Verbatim output of the lines below is required, with the images omitted.

* DATA EXTRACT
────────────────────────────────────────

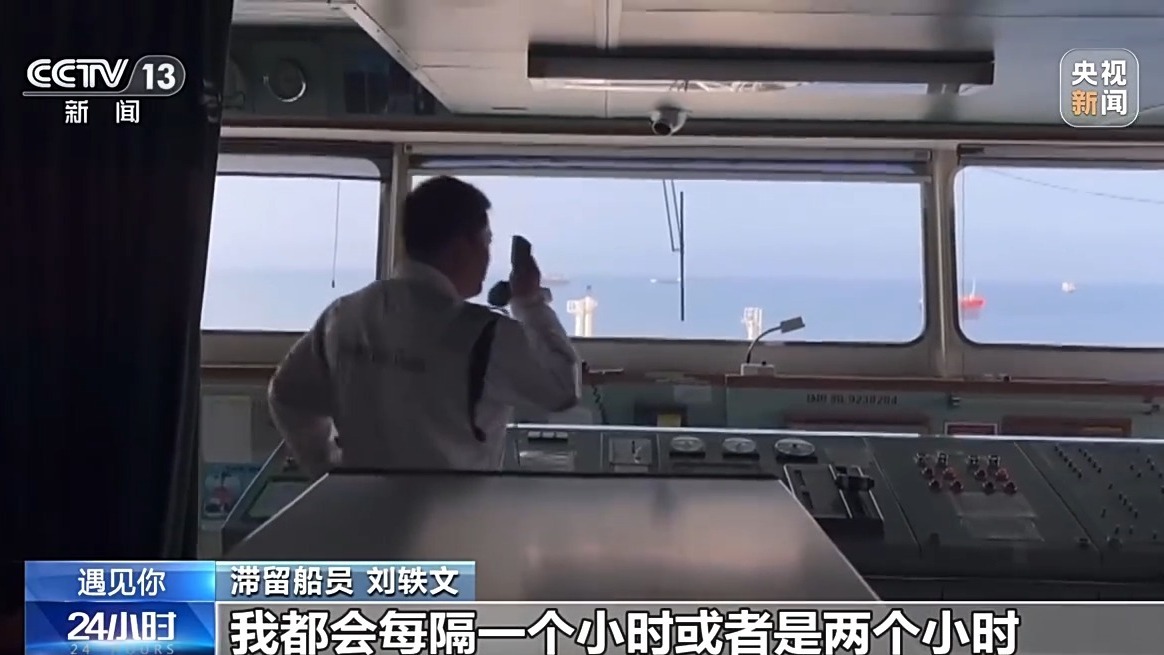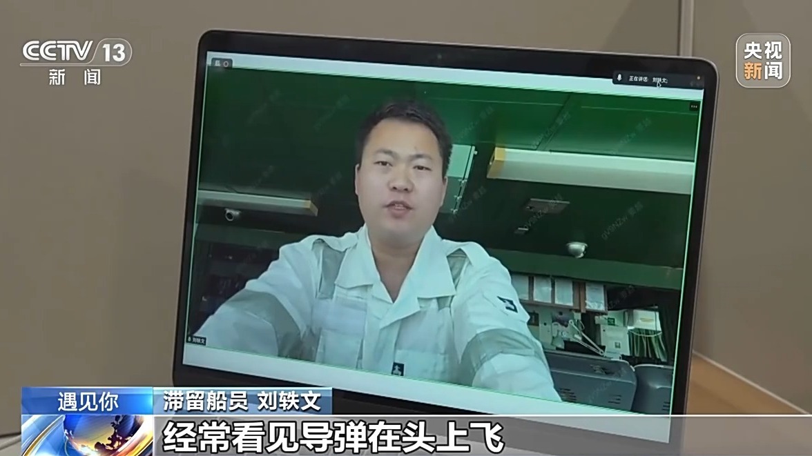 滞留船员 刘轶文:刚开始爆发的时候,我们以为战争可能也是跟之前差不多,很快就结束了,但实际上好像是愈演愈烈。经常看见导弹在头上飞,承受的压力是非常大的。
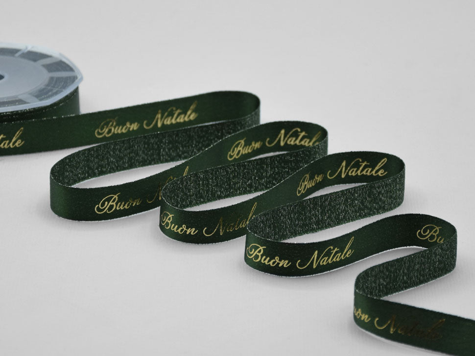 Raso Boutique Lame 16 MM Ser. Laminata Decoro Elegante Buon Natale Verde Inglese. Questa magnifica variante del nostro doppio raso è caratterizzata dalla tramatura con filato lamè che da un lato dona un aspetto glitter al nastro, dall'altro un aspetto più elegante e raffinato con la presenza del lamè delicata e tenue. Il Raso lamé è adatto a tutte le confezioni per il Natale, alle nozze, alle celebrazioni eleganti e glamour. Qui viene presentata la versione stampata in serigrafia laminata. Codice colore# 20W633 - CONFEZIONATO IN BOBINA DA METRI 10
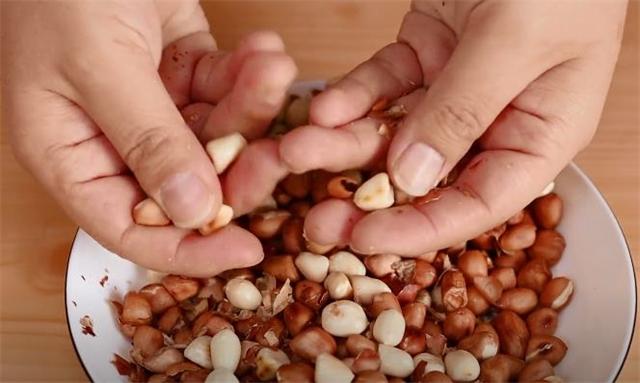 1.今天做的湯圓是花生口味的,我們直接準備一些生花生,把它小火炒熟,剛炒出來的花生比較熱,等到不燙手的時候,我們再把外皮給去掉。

────────────────────────────────────────

* WRITTEN SOLUTION
 滞留船员 刘轶文:刚开始爆发的时候,我们以为战争可能也是跟之前差不多,很快就结束了,但实际上好像是愈演愈烈。经常看见导弹在头上飞,承受的压力是非常大的。
 Raso Boutique Lame 16 MM Ser. Laminata Decoro Elegante Buon Natale Verde Inglese. Questa magnifica variante del nostro doppio raso è caratterizzata dalla tramatura con filato lamè che da un lato dona un aspetto glitter al nastro, dall'altro un aspetto più elegante e raffinato con la presenza del lamè delicata e tenue. Il Raso lamé è adatto a tutte le confezioni per il Natale, alle nozze, alle celebrazioni eleganti e glamour. Qui viene presentata la versione stampata in serigrafia laminata. Codice colore# 20W633 - CONFEZIONATO IN BOBINA DA METRI 10
 1.今天做的湯圓是花生口味的,我們直接準備一些生花生,把它小火炒熟,剛炒出來的花生比較熱,等到不燙手的時候,我們再把外皮給去掉。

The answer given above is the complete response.